イーラは怒った勢いが止まらず、そのまんま聞いてしまった。
「ねぇ、何で嘘つくのよ」
フィニはそう尋ねられると「やだなぁ」と困った素振りを見せる。
「嘘なんかついてないよ。こんな状況でつけると思う? イーラはお父さんに殺されるかもしれないのに」
「何で私『は』? 『私たちは』じゃないの?」
「言葉のあやだよ! それに、ここの構造をよく知ってる。一回来たっきりの僕と違って」
「一回来たっきり? アンタ、ここは死霊魔術師は入れないのはずよね?」
フィニがイーラの薬局を訪ねてきた時、『聖堂は魔導師じゃないと入れない』と言った。もちろん、フィニが誰か他の魔導師を連れて来た可能性もある。だが、魔導師四人揃える必要があるし、死霊魔術師が聖堂に入ったら、きっとタタラが捕まえているはず。
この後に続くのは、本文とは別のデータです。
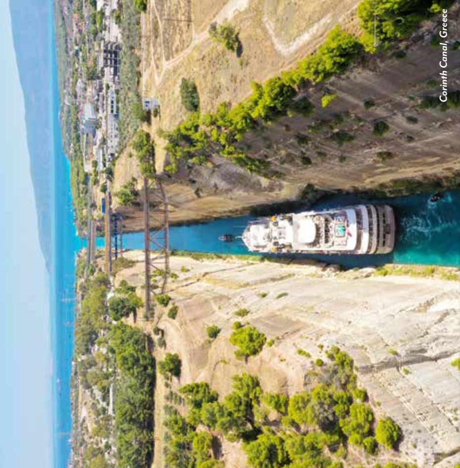
Corinth Canal, Greece

PRSRT STD U.S. Postage PAID Gohagan & Company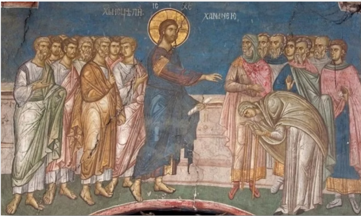
Icon, Jesus Heals the Bent Over Woman

All stand as able at the sound of the tower bell.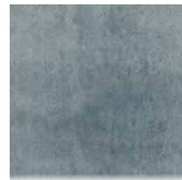
NS-534 Cadet Blue

フィニは苦し紛れに「そ、そんなことより!」と言った。
「あいつは『自分のキズを他人に擦り付ける』固有魔法があるんだよ!? 傷とか負わせたら、僕かイーラ、どっちかが怪我をする──」
「ねぇ、それ何で知ってんの?」
アルバートの固有魔法は、イーラにそっと囁かれた。
イーラだけに聞こえるように。
フィニが知っているわけが無いのだ。聞いていないのだから。
とうとう深く墓穴を掘ったフィニは、イーラによって追い詰められる。
フィニは何とか言い訳をひねり出そうとしたが、何にも出てこなかったらしい。深く息を着くと、「これまでかぁ」とヘラリと笑った。
「ごめんねイーラァ。僕は君と同じ側に立ってないんだよね」
そう言うと、「アルバート」と彼を呼ぶ。
会議室の入口には、アルバートが冷たい笑みを浮かべて立っていた。
イーラはこの時初めて、「ああ、一人なんだ」と知った。